*Dataset extract:*
******************************

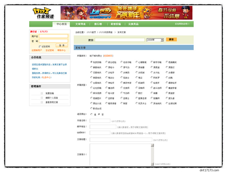投稿初级筛选群:QQ群号:133064171 (加群注明 17173DNF文章投稿) 成功投稿后可以进入高级投稿群。
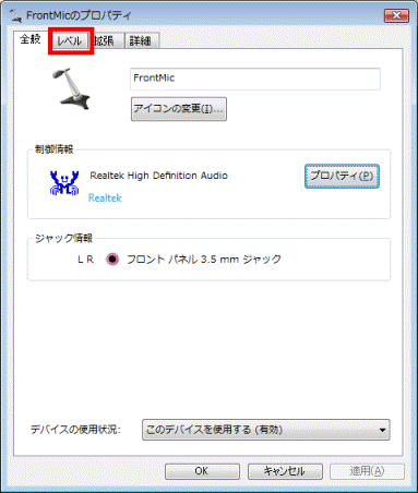 - 「FrontMic」(または「マイク」など)をクリックします。
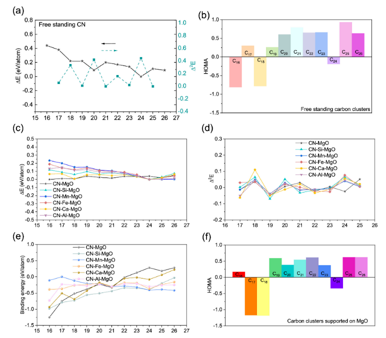 n (n = 16-26)在X摻雜MgO (X = Si, Mn, Fe, Ca, Al)上的結(jié)合能。(f) Cn@MgO的HOMA指數(shù)值(n = 16-26)。使用預(yù)訓(xùn)練的ML-FF進(jìn)行靜態(tài)優(yōu)化。

******************************

*Exercise description:* Without the pictures, write out the listing exactly as it appears above.

*Task answer:*
投稿初级筛选群:QQ群号:133064171 (加群注明 17173DNF文章投稿) 成功投稿后可以进入高级投稿群。
 - 「FrontMic」(または「マイク」など)をクリックします。
 n (n = 16-26)在X摻雜MgO (X = Si, Mn, Fe, Ca, Al)上的結(jié)合能。(f) Cn@MgO的HOMA指數(shù)值(n = 16-26)。使用預(yù)訓(xùn)練的ML-FF進(jìn)行靜態(tài)優(yōu)化。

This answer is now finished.